On the vegetables side, US shipments to the Mexican market increased 3.2% in the case of fresh vegetables (233.7 million dollars) and 38.5% in the case of processed vegetables (482.5 million).

The record trade in processed vegetables was driven by increases in the quantity and value of frozen potato products ($261 million), reflecting a reopening of the Hotels, Restaurants and Institutional Services sector after a challenging 2020.

For its part, strong apple exports from the United States ($349 million) boosted growth in the fresh fruit sector.

Meanwhile, orange and mandarin exports ($29 million) were boosted by high demand for products containing vitamin C during the Covid-19 pandemic.

Fruits and vegetables

Small but mighty US cherry exports ($16 million) to Mexico are up an impressive 235% since 2020.

In addition to the ongoing coronavirus pandemic, extreme heat and dry weather reduced production of several key crops in the United States in 2021.

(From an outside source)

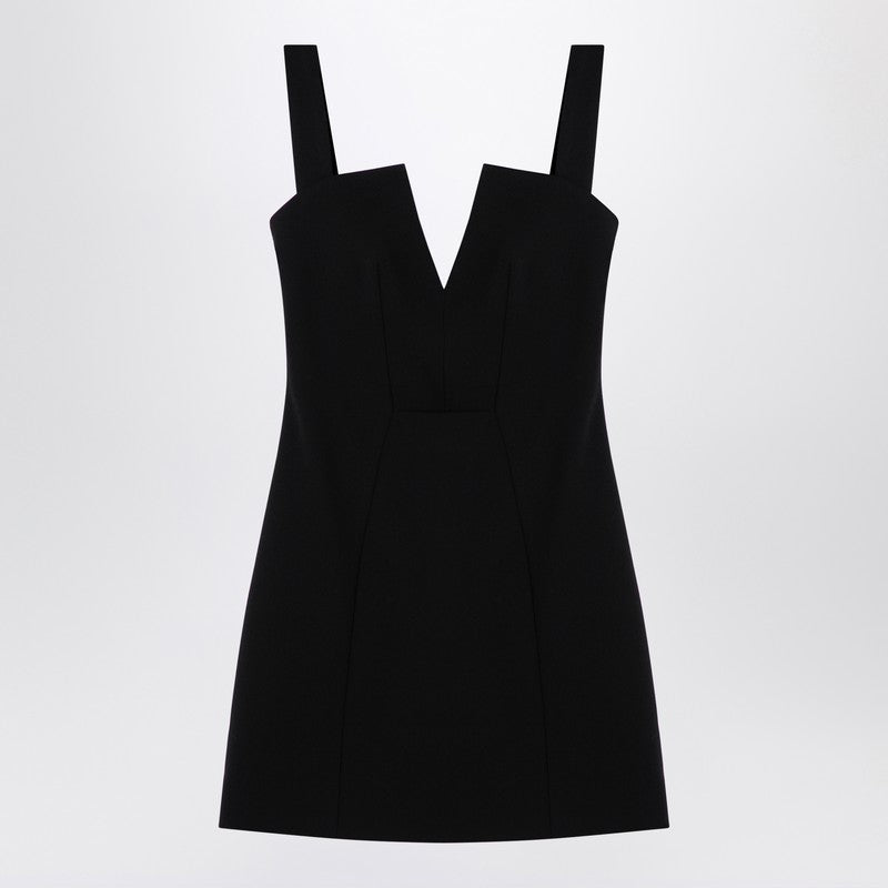 Givenchy'den, şık siyah krep silüetiyle öne çıkan ipek mini elbise. Grafik V yaka ve yan fermuar, zamansız bir tasarıma modern bir yorum getiriyor. Sırt dekoltesi ve dar kesimi, modern bir görünüm yaratıyor. İtalya'da üretilen bu elbise, modayı takip edenler için mükemmel.

Extreme heat negatively affected crop yields of potatoes, tomatoes, and legumes, while scarcity of irrigation water (particularly in California) caused growers to reduce acreage for crops such as processing tomatoes.

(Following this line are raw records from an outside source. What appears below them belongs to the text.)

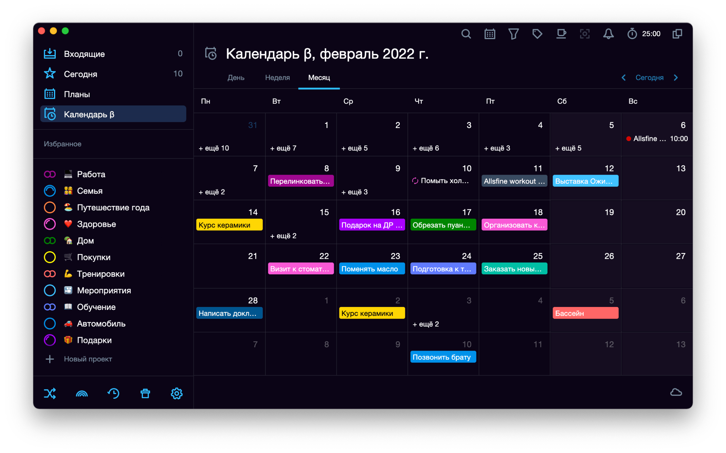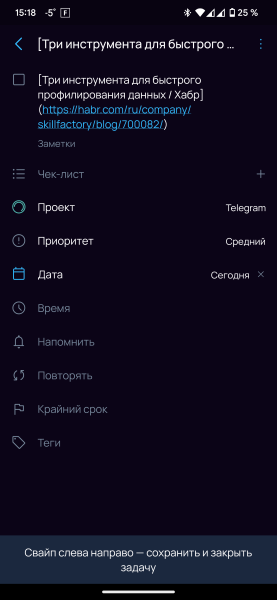 - Задачи можно добавлять в проекты, составлять планы или чек-листы. К ним можно добавлять приоритеты, напоминания, pomodoro-таймеры, реакции и уведомления (в том числе с режимом будильника). Есть поддержка повторяющихся задач.
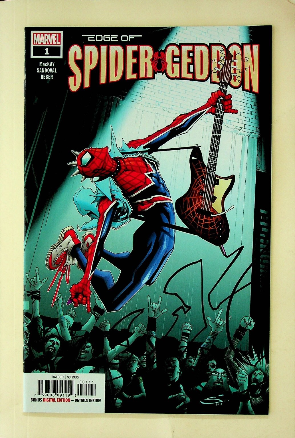 Grade: 9.2 Near Mint-...This is a single issue of EDGE OF SPIDER-GEDDON #1 published by Marvel Comics. This Modern Age comic features a dynamic cover with Spider-Punk, indicative of the Spider-Verse saga. The cover clearly lists MacKay, Sandoval, and Reber as creators. It includes a bonus digital edition, with details inside the comic. This collectible comic book is an essential addition for fans of Spider-Man and the larger Marvel Universe.This listing includes one (1) comic book as shown in the images.Verified Specifications:Publisher: MarvelSeries Title: EDGE OF SPIDER-GEDDONIssue Number: #1Item Type: Single IssueEra: Modern AgeFormat: Direct EditionKey Features: Bonus Digital EditionIncluded Components: 1x Comic BookBarcode/UPC: 759606091195
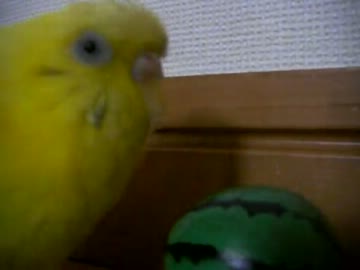 まゆーげインコとスイカ【至近距離編】
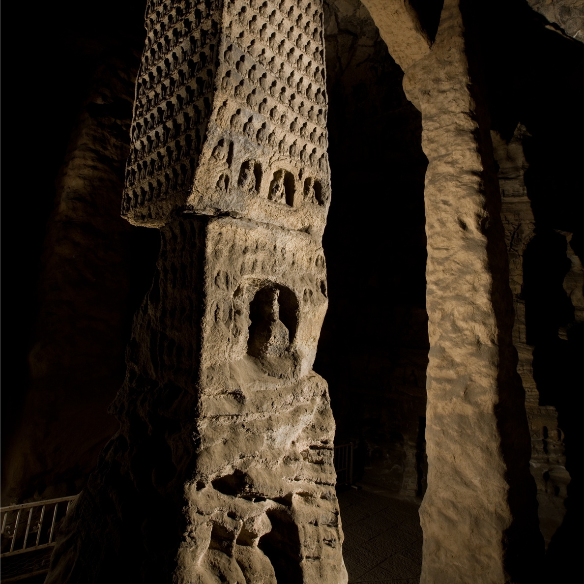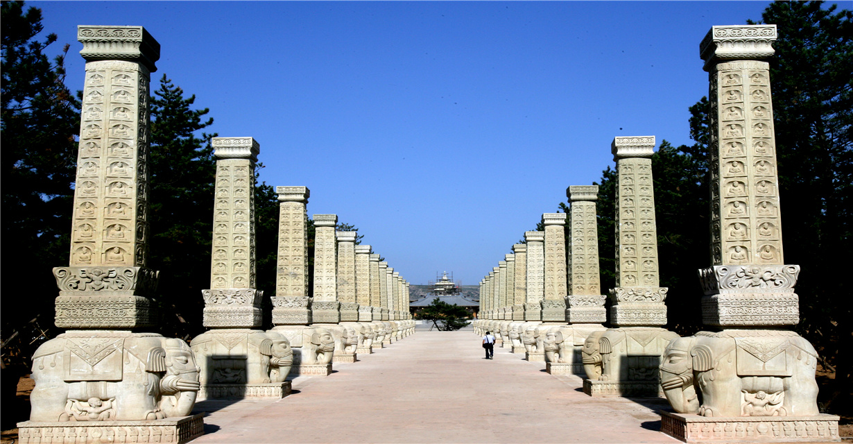 所谓礼佛大道:“恩泽普武周,慈航通法岸”。向西走去,十三对千佛列柱依次列于礼佛大道两侧。神柱高8.73米,系黄沙岩雕刻,由下而上依次为须弥座、力士、白象、柱体的完美组合,造型高耸、精致亘绝,在两侧浓密的松林掩映下,矗立的神柱气势雄伟、蔚为壮观,仿佛通天入地...

According to the USDA, the supply chain issues affecting parts of agriculture and the rest of the economy in 2021 were not as severe for fresh vegetables.

The supply of fresh vegetables was hampered at times by a shortage of trucks and/or drivers, the availability of labor in the field and at the packinghouse, and problems obtaining pallets and packing materials.

With vegetable imports and exports largely focused on North American markets, bottlenecks at ports have been less of an issue with most delays stemming from trucking issues or cargo delays. of railway tracks.